Slavery happens everywhere in the world. American citizens can also be victims of human trafficking, even without leaving the country. Victims – both foreign nationals and U.S. citizens – have been identified in cities, suburbs, and rural areas in all 50 states as well as in Washington, DC.  Trafficked individuals work in places such as private homes, factories, restaurants, agriculture, nursing homes, state fairs, construction sites, forced prostitution, and nail salons. 

Slavery is the extreme end of a continuum of abusive and exploitative labor practices. Slavery is fueled by systems of poverty, the population explosion, displacement to urban centers and other forms of migration, desperation, and government corruption and inaction. While awareness about sex trafficking is higher, more people globally face forms of labor trafficking. Sexual violence is often a feature of all forms of trafficking, whether men or women. In the United States, migrant workers (including temporary work visa holders) are particularly vulnerable to trafficking.

Families living in poverty can become targets of human traffickers who promise vulnerable men, women and children a better life through employment, educational opportunities or marriage. In Western countries, runaway and homeless youth, many of whom identify as LGBTQ, are particularly at risk from traffickers. Throughout the world, greater access to education, health care, food, credit, reduced corruption, and police protection helps to prevent and reduce trafficking.

People who are trafficked are not necessarily slaves who are chained up or locked behind a door. Force, fraud and coercion are major components of modern slavery. Human trafficking is often characterized by limited mobility and threats of violence to prevent escape.  Employers may steal passports, psychologically control victims, or use violence or threats of violence against the trafficked persons and/or their families to keep victims from leaving. Debt to a trafficker (real or inflated), combined with threats of violence, keeps victims from fleeing.

Products that we buy every day such as coffee, tea, produce, clothes, chocolate, tomatoes, computers, and cars, may be traceable to slave labor.  The ILO estimates that 70% of cacao beans, for example, are picked by slaves. Statistically speaking, if you are not buying Fair Trade chocolate, then you are buying slave-trade.  Companies must take responsibility for all aspects of their supply chains.
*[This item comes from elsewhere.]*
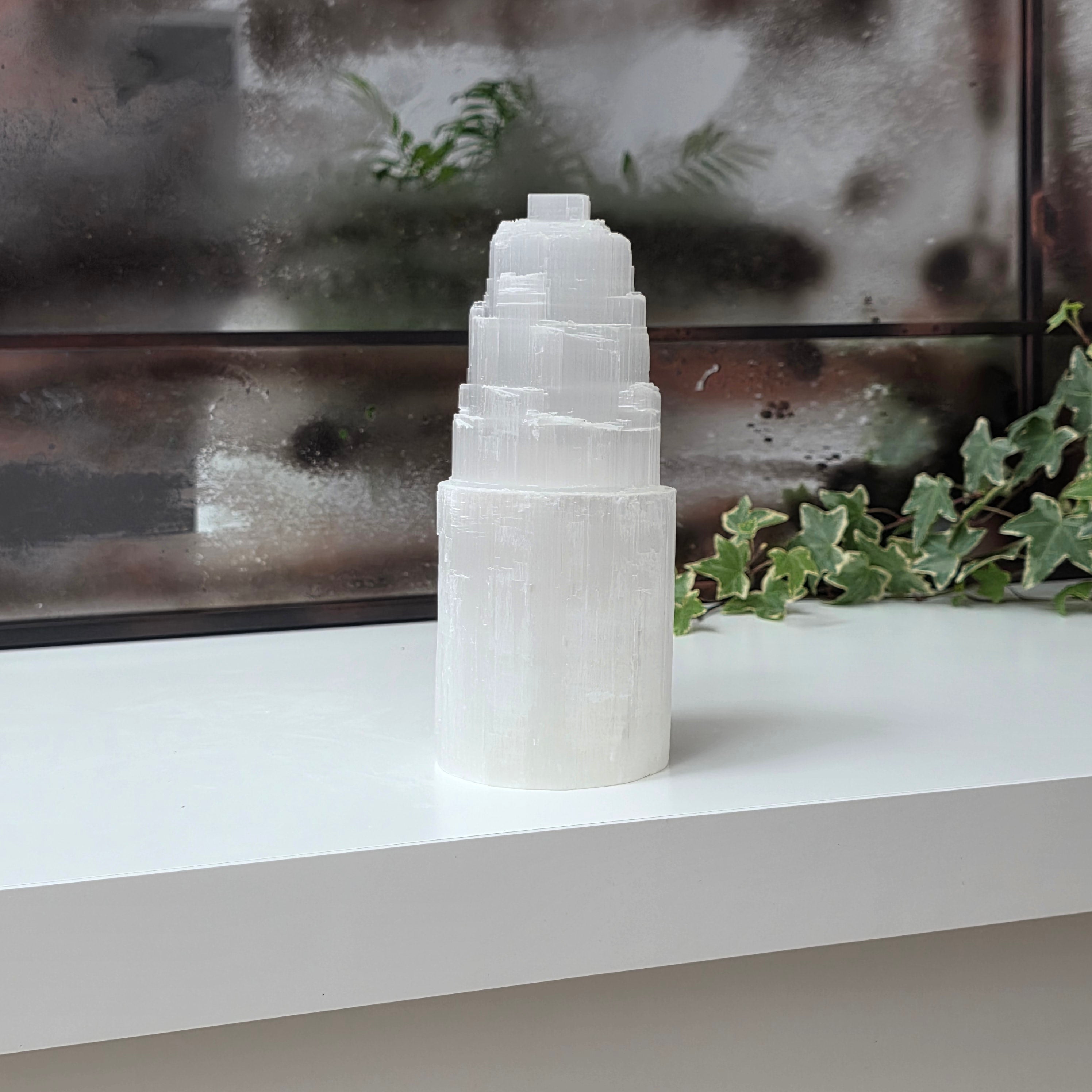 Dieser Turmkerzenhalter aus natürlichem Selenit verleiht jedem Raum einen Hauch von Magie und Licht. Selenit gilt als Stein der Reinheit und des inneren Friedens.

They must collaborate with their workers to creates comprehensive codes for suppliers that are rigorously monitored, with violations for forced labor and other labor and safety abuses strictly enforced.

As consumers, we can use our purchasing dollars to support the rights of workers around the globe and fight the root causes of forced labor.

As investors, we can demand that publicly-traded companies we invest in conduct their business transparently and ethically, ensuring that no human beings are harmed in creating their products and services.  Many corporate social responsibility efforts are more focused on brand protection than cultivation of human rights. We must insist that corporate codes of conduct for suppliers are developed with the leadership and participation of at-risk workers, protect workers from retaliation if they report human rights abuses such as human trafficking, and include strict auditing and enforcement, with market consequences for failure to prevent human trafficking.

As Jews, our story of peoplehood begins with the journey from slavery to freedom, a journey that results in the commandment to “love the stranger.” We have two responsibility that flow from that commandment: to raise awareness about modern-day slavery and to take action to ensure that the 27 million people who continue to suffer as we did can journey towards redemption.